Every line of the material needs an exact copy, apart from the images.

↓↓↓

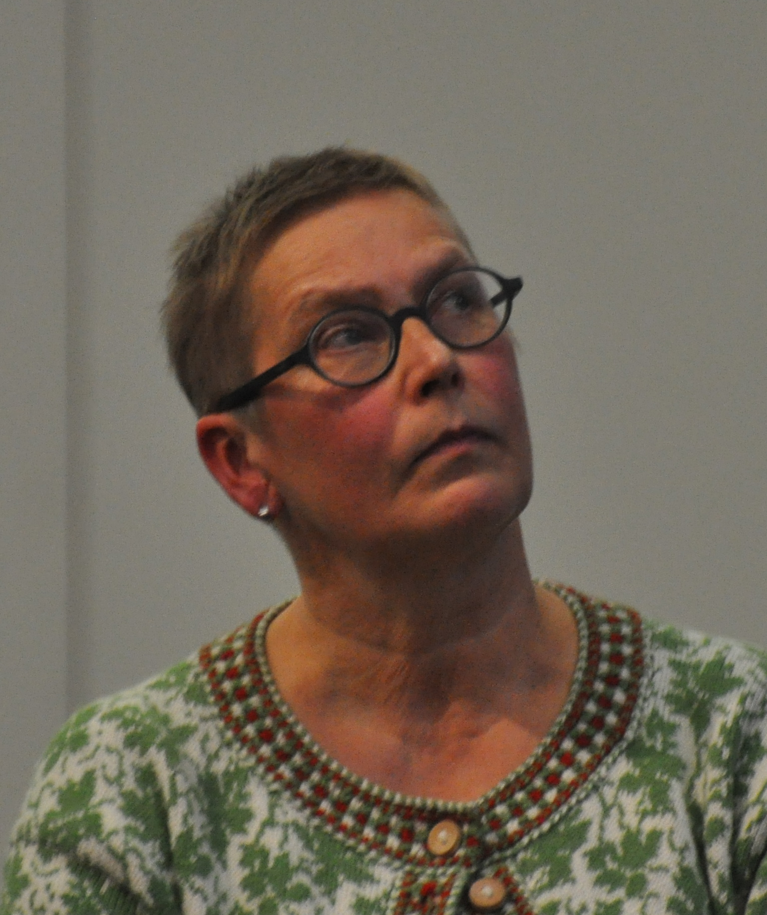 Finnish literary critic Suvi Ahola at Helsinki Book Fair, 2016.
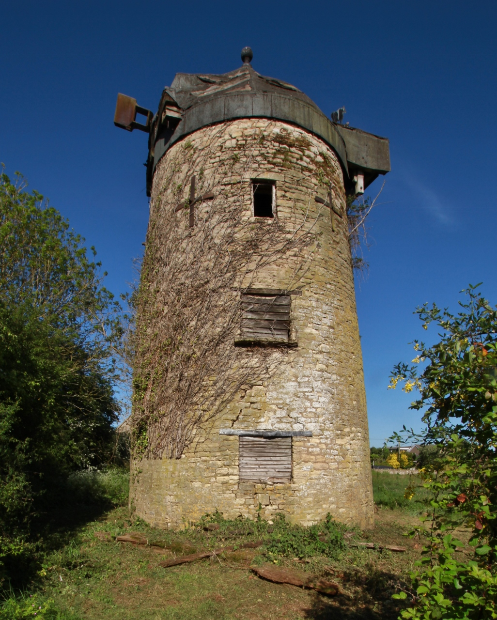 The derelict tower of North Leigh Windmill, Oxfordshire, seen from east-southeast
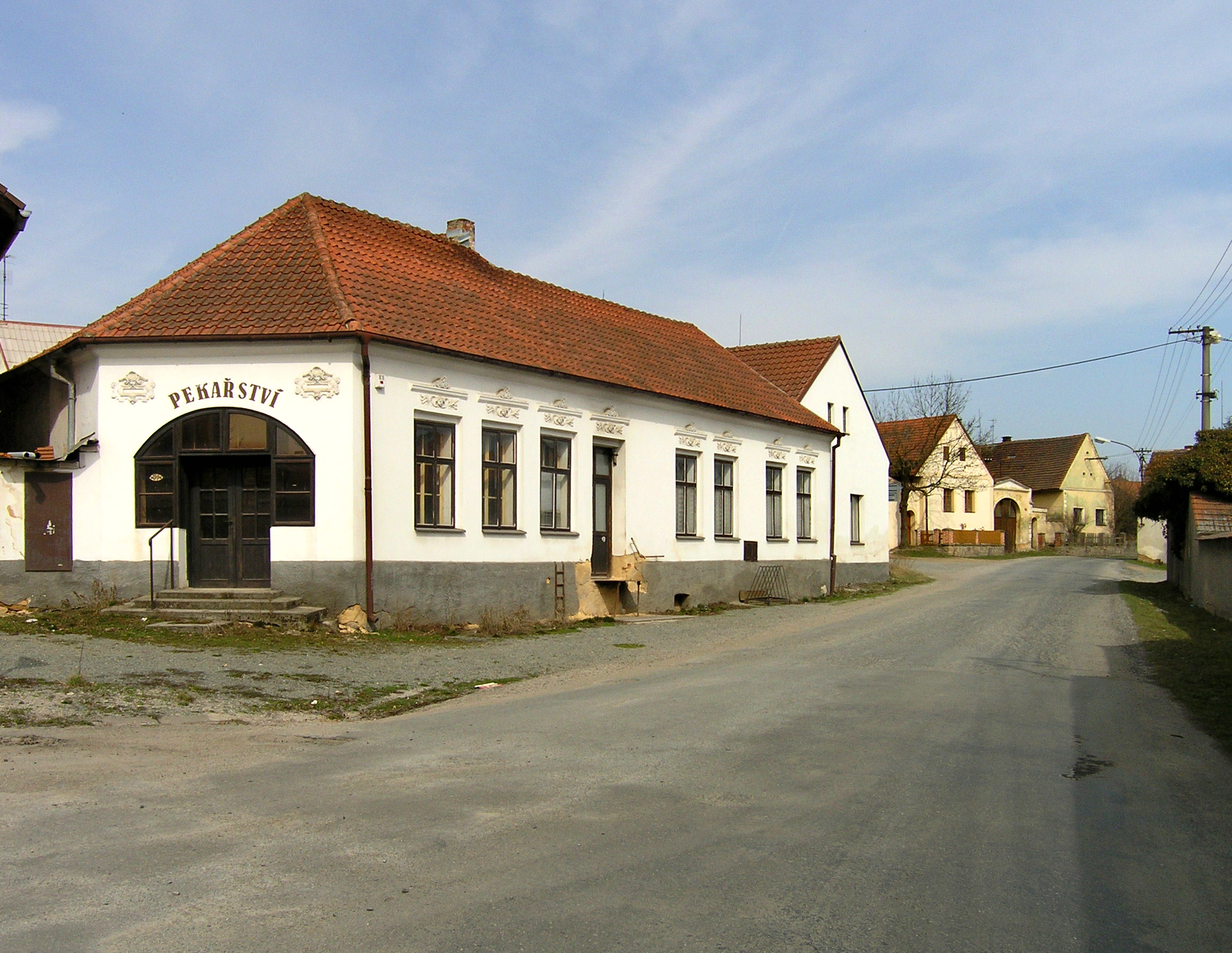 North part of Ledce village, Czech Republic
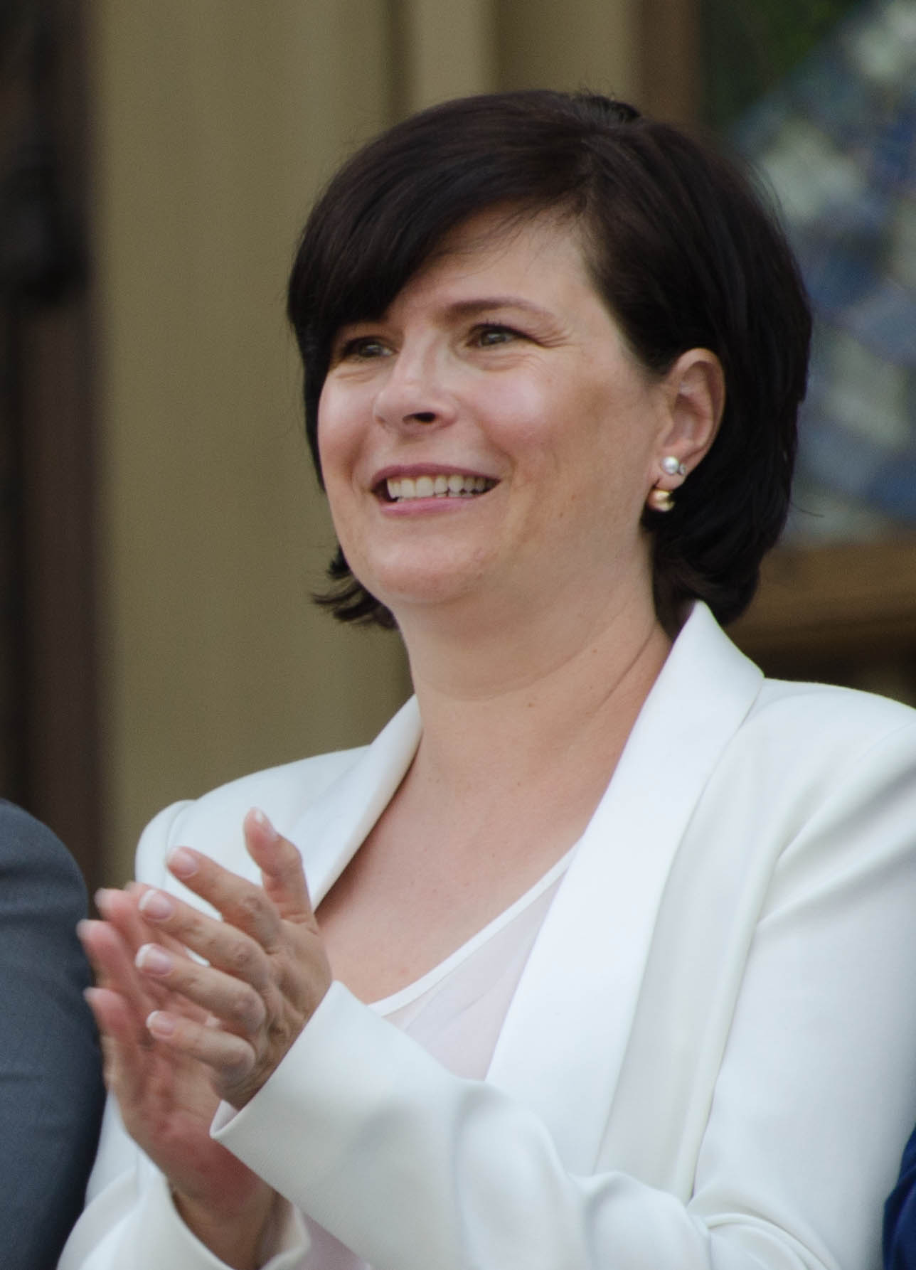 Karen McPherson at the 2015 Alberta Premier/Cabinet swearing-in ceremony, by Connor Mah.
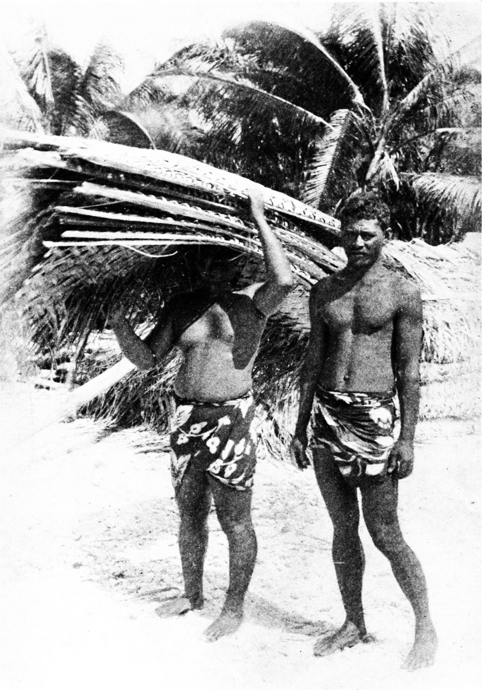 Pearl divers moving their house Hikuom island Paumotus
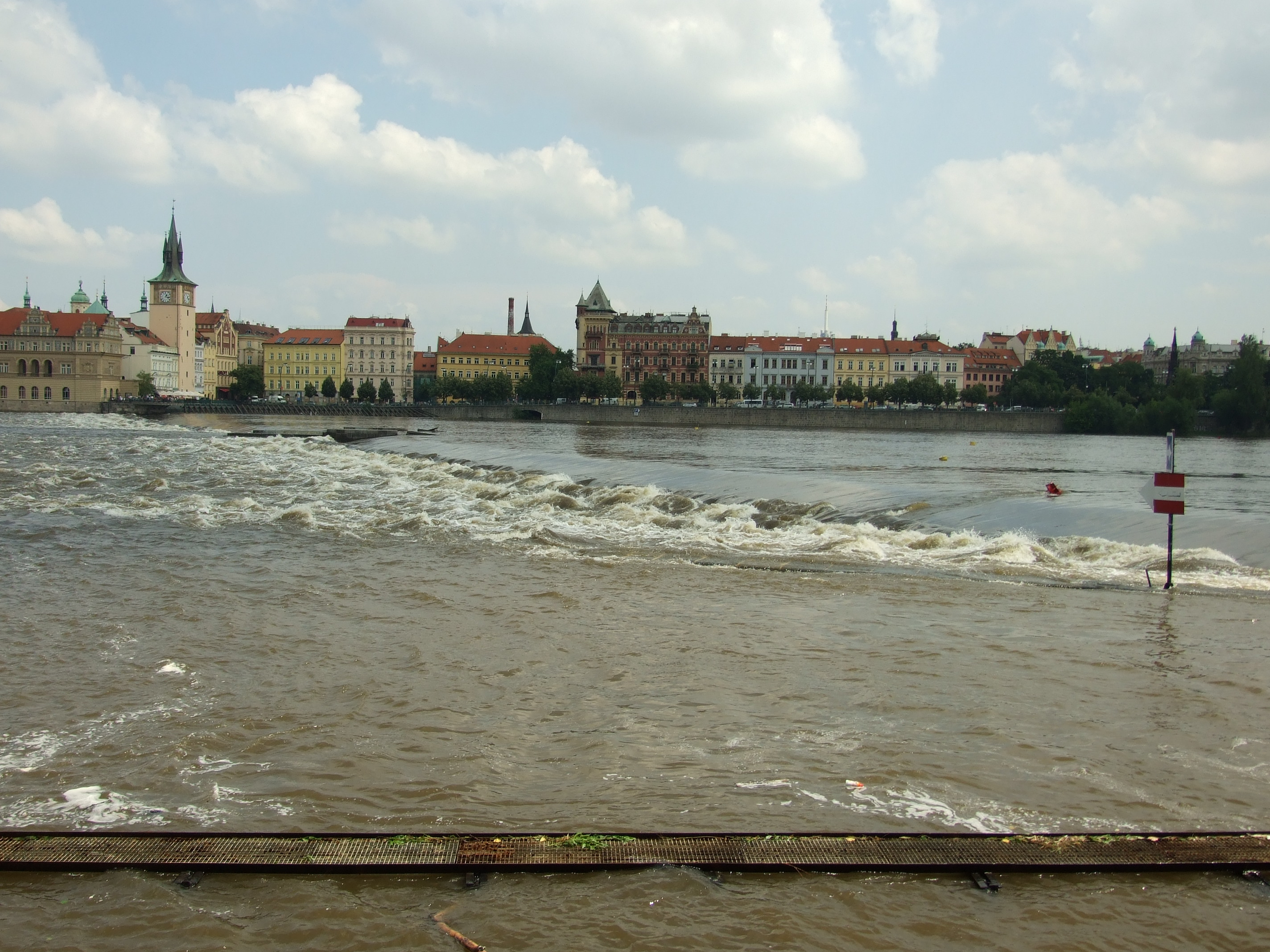 High water level of Vltava river in Prague. In late june 2009 several south-bohemian rivers, including Vltava, caused flooding of several villages and cities. As a result, water level of Vltava in Prague rose; emergency council was active for several days and Čertovka was closed. Prague, CZhelp
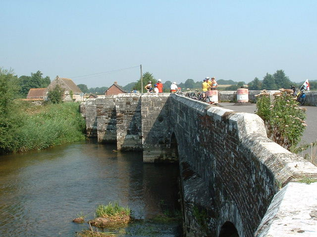 Wool Bridge. North of Wool, crossing the river Frome.

↑↑↑

SOLUTION TO THIS EXERCISE
 Finnish literary critic Suvi Ahola at Helsinki Book Fair, 2016.
 The derelict tower of North Leigh Windmill, Oxfordshire, seen from east-southeast
 North part of Ledce village, Czech Republic
 Karen McPherson at the 2015 Alberta Premier/Cabinet swearing-in ceremony, by Connor Mah.
 Pearl divers moving their house Hikuom island Paumotus
 High water level of Vltava river in Prague. In late june 2009 several south-bohemian rivers, including Vltava, caused flooding of several villages and cities. As a result, water level of Vltava in Prague rose; emergency council was active for several days and Čertovka was closed. Prague, CZhelp
 Wool Bridge. North of Wool, crossing the river Frome.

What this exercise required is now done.